Gus Dur telah meninggal dunia. Pada pukul 18.45, Gus Dur menghembuskan nafas terakhir. Sekitar pukul 19.15, asisten redaktur saya, Aries Wijaksena, mengirimkan pesan singkat kepada saya perihal wafatnya Gus Dur, sembari dilengkapi penugasan untuk segera meluncur ke RSCM melakukan peliputan. Membaca pesan singkat itu, saya pun menarik nafas dalam-dalam seraya mengucap “Gus…, selamat jalan,” dalam hati.

* * *

Sesampai di lantai lima ruang PJT, atmosfir duka yang bercampur dengan ketegaran dan keikhlasan begitu kuat meliputi batin saya. Effendi Choirie dari Fraksi Kebangkitan Bangsa DPR-RI periode 2004-2009 secara spontan mengajak rekan-rekannya sesama pelayat memanjatkan tahlil mengiringi perjalanan Gus Dur ke alam baka. Ia secara spontan melepas sandal, kemudian duduk bersila dan mulai membacakan tahlil. Para pelayat yang lain pun turut serta melepas kasut, duduk bersila, membuka telapak dan memanjatkan sembah kepada Yang Kuasa.

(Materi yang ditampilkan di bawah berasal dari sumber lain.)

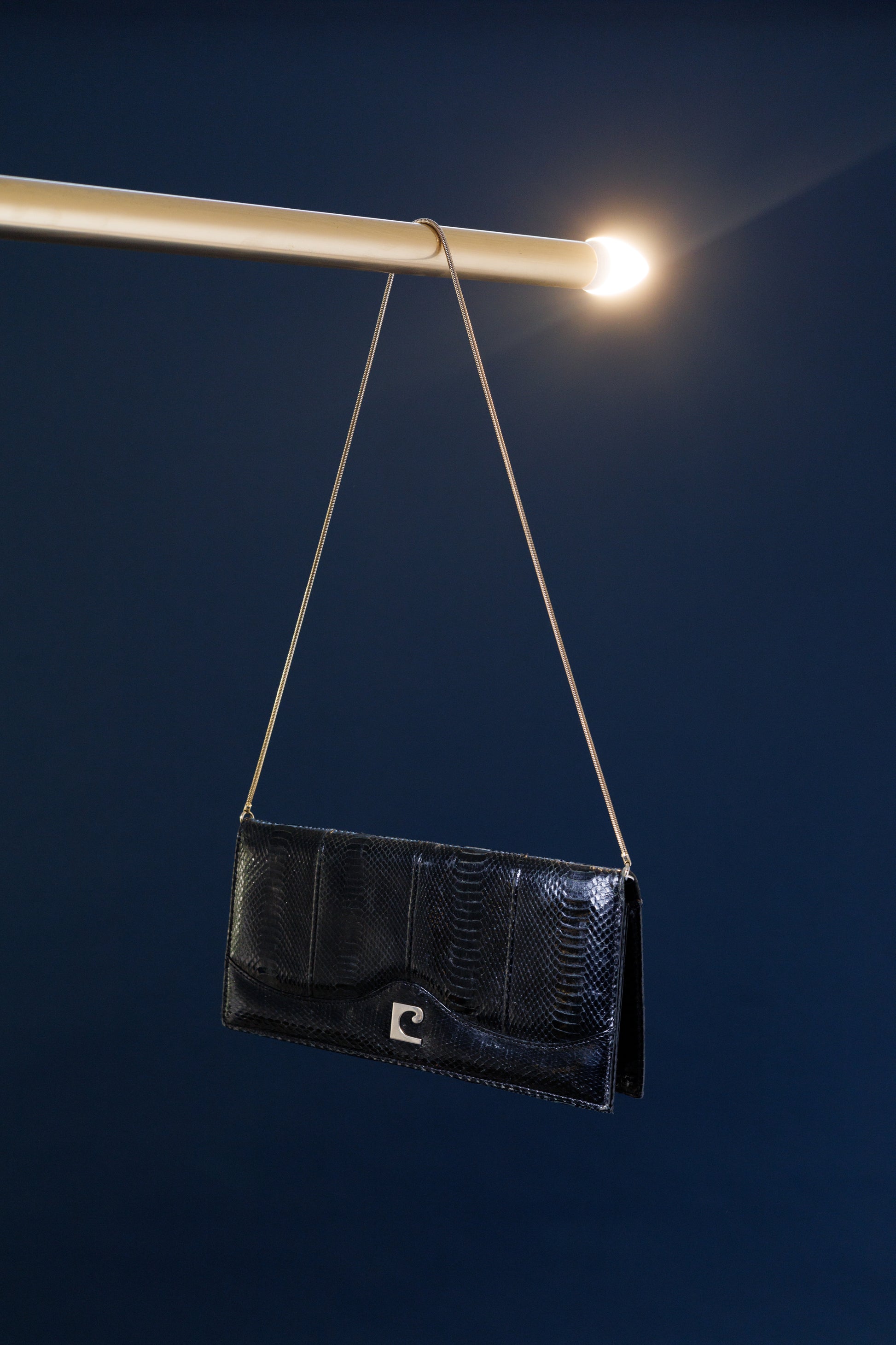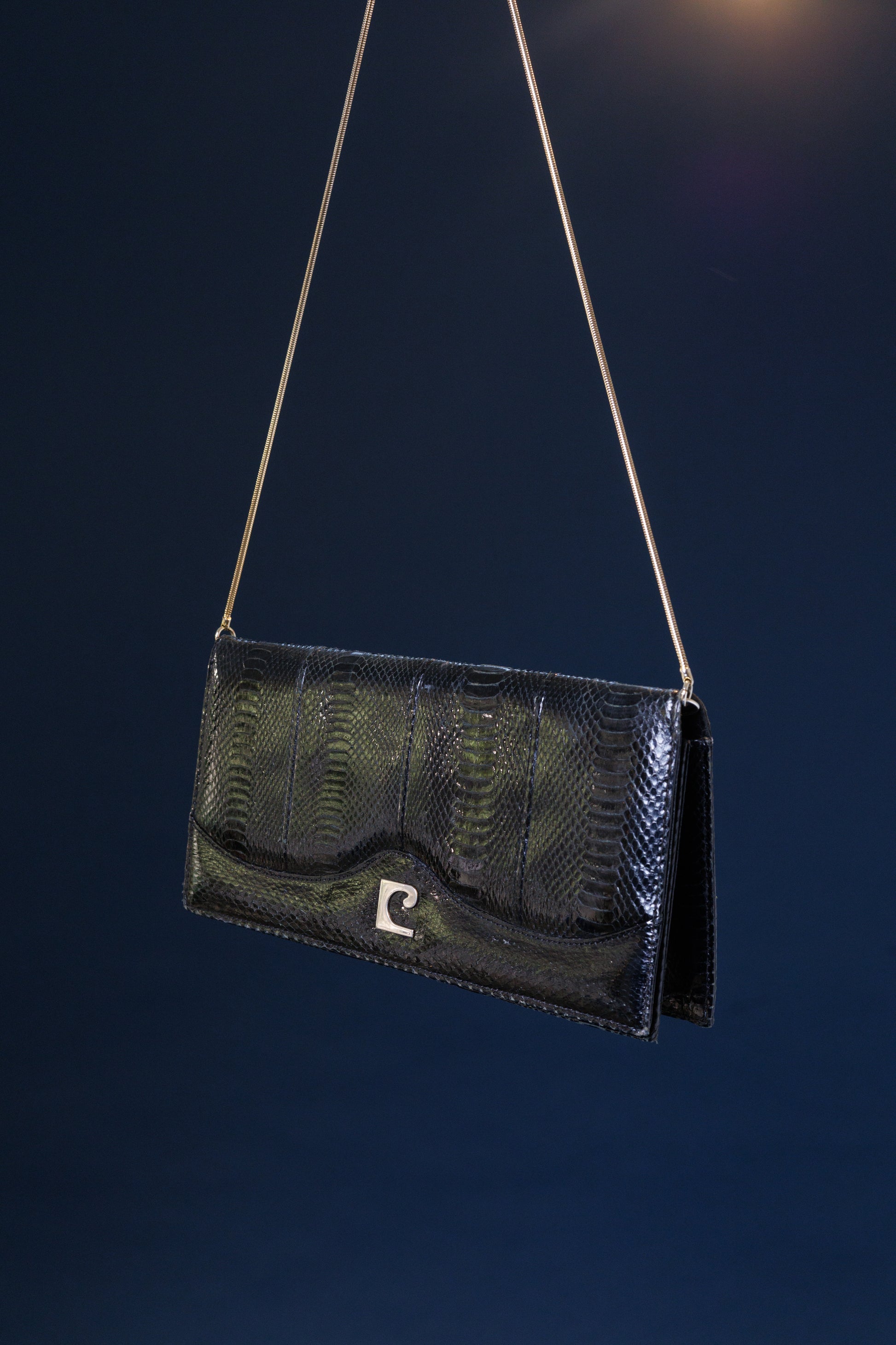This elegant vintage clutch bag from the 1980s is a stunning piece from renowned designer Pierre Cardin. Crafted from black snakeskin-embossed leather, it features a sleek structured silhouette, a silver-tone logo clasp, and a delicate shoulder chain for versatile styling. A timeless statement accessory that embodies Cardin's futuristic yet sophisticated design aesthetic.
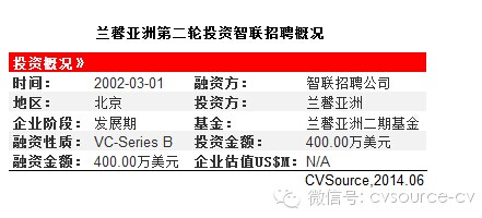 2002年3月,兰馨亚洲投资智联招聘400万美元。
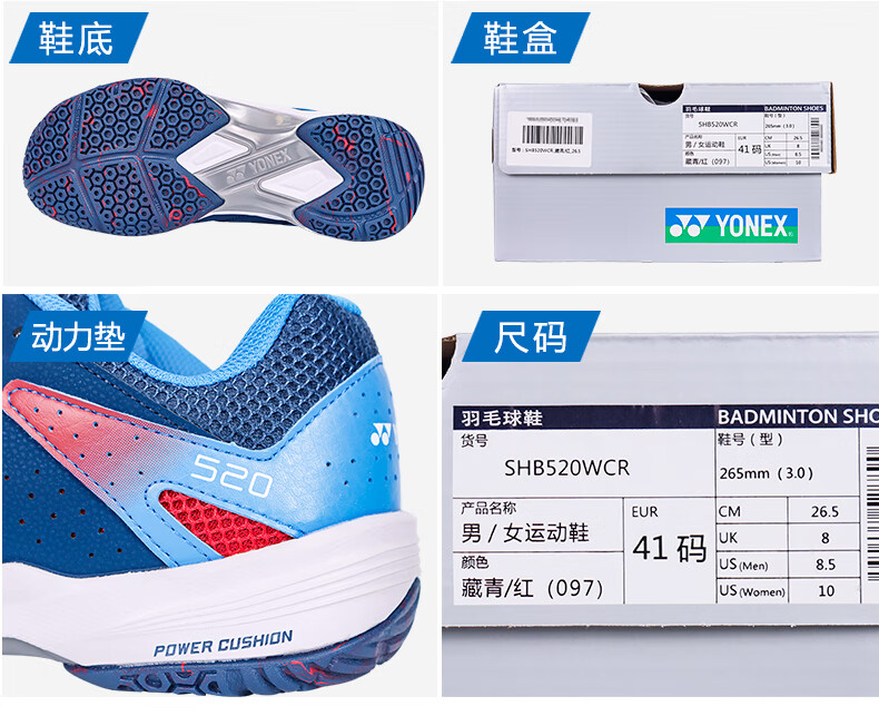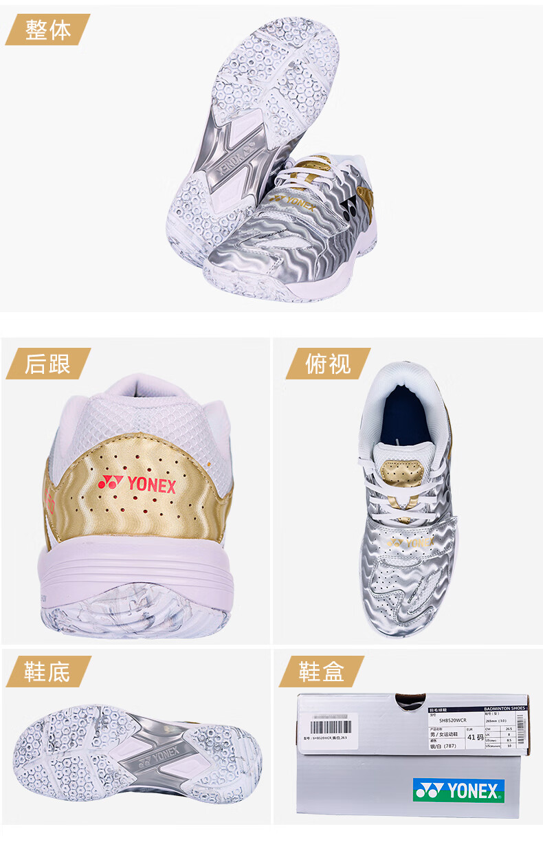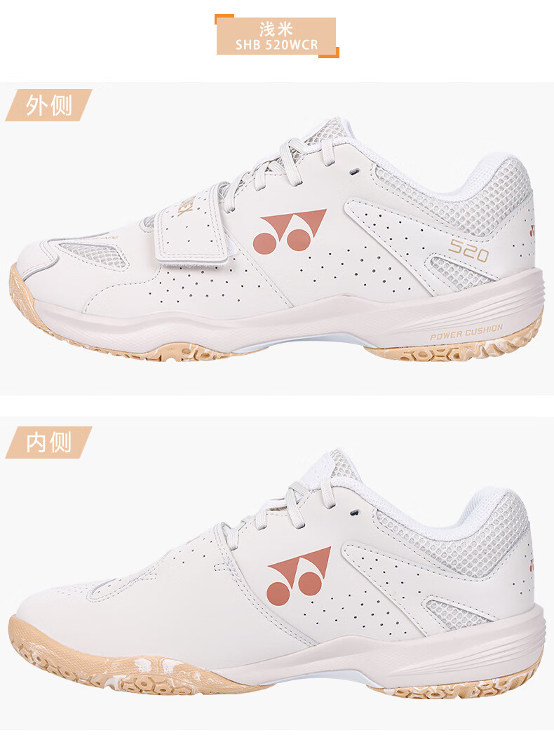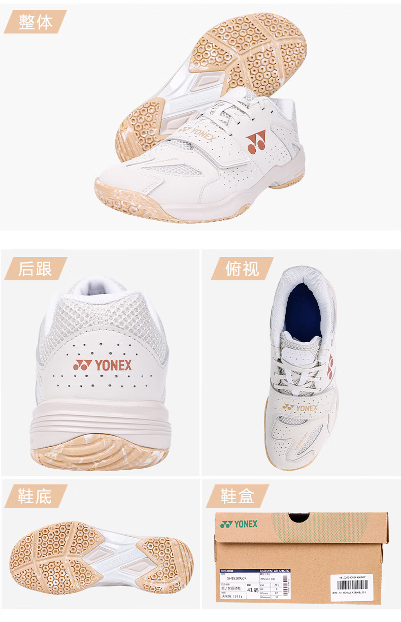 Yonex's new YONEX YY badminton shoes SHB520WCR men's and women's professional sports shoes training SHB520WCR light beige 41 (265mm)

Di saat gema tahlil berkumandang memenuhi lobi lantai lima, tokoh-tokoh nasional—semisal Idrus Marham, Pramono Anung, Freddy Numberi, Agum Gumelar, Linda Gumelar, Sri Mulyani— berdatangan silih berganti hendak melihat jenazah Gus Dur yang berbaring di ruang Atrium 2, di lantai lima gedung PJT. Lobi lantai lima telah penuh sesak oleh para pelayat, juga oleh puluhan wartawan cetak, elektronik, juga para pewarta foto.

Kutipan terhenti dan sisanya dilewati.